What are permissions?

A permission is approval for your code to call one or more methods in the Root Community API. For example, if you write messages into community channels, you'll need the createMessage permission. If your code is performing automated moderation, it'll need the kick and createBan permissions.

Where are permissions needed?

Permissions are required to call methods in the Community API portion of the Root APIs. The events in the Community API are not gated by permissions; you can subscribe to any of them without additional permissions.

The table below lists the types where permissions are needed. Note that methods within the same type may require different permissions; for example, CommunityMemberBanClient.create requires createBan while CommunityMemberBanClient.delete requires manageBans.
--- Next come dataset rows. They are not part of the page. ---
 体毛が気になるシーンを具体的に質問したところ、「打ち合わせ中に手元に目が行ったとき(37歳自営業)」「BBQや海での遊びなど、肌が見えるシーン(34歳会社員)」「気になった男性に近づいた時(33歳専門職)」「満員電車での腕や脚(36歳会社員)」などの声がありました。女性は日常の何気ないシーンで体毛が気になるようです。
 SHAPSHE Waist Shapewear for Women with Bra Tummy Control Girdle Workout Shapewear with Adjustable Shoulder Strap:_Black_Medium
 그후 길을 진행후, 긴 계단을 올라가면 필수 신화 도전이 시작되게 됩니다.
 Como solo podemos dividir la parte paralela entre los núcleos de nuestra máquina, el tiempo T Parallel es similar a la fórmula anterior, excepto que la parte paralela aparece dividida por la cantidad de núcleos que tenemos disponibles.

Types that require permissions for use
AccessRuleClient
CommunityClient
CommunityMemberBanClient
CommunityMemberInviteClient
CommunityRoleClient
CommunityMemberClient
CommunityMemberRoleClient
CommunityEmojiClient
ChannelClient
ChannelGroupClient
ChannelMessageClient
ChannelDirectoryClient
ChannelFileClient
ChannelWebRtcClient

How do permissions work?

As a developer, you declare the permissions you need, and Root grants them to your code at runtime.
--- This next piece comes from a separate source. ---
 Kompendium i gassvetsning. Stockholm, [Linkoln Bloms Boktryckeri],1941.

The Community APIs contain permission checks. When your code calls a method, Root tests whether your code has the needed permission. If not, Root throws RootApiException with an error code indicating the type of permission failure.

For the full list of available permissions, how to declare them, and how the community can modify channel permissions after installation, see Manifest permissions.

Permissions require visibility

Channel permissions only apply to channels your code can see. Before any channel permission takes effect, the community must grant your code visibility to the channel or channel group through an access rule. Without visibility, your code won't even know the channel exists. For details on how visibility and overlays work, see Manifest permissions.

How to choose permissions

Follow the principle of least privilege and include only what you need. Prefer granular keys over manage* unless you truly need everything in that scope.

note

If your code needs unrestricted access to every community and channel operation, you can declare community.fullControl instead of listing individual permissions. This grants every community permission and bypasses all channel-specific permissions. Most code should still use the procedure below to request only what it needs.

  1. List your features: write down what your code needs to do, in plain English. Example: "Post updates in #announcements," "Pin a weekly summary," "Kick trolls from voice."

  2. Map features to methods: Translate each feature into concrete actions. Example: "Post updates" → call the ChannelMessageClient.create method. "Ban unruly members" → call the CommunityMemberBanClient.create method.

  3. Map actions to permissions: Look up each method in the API reference to find the exact permission you need.

  4. Declare: Use your manifest to declare your permissions.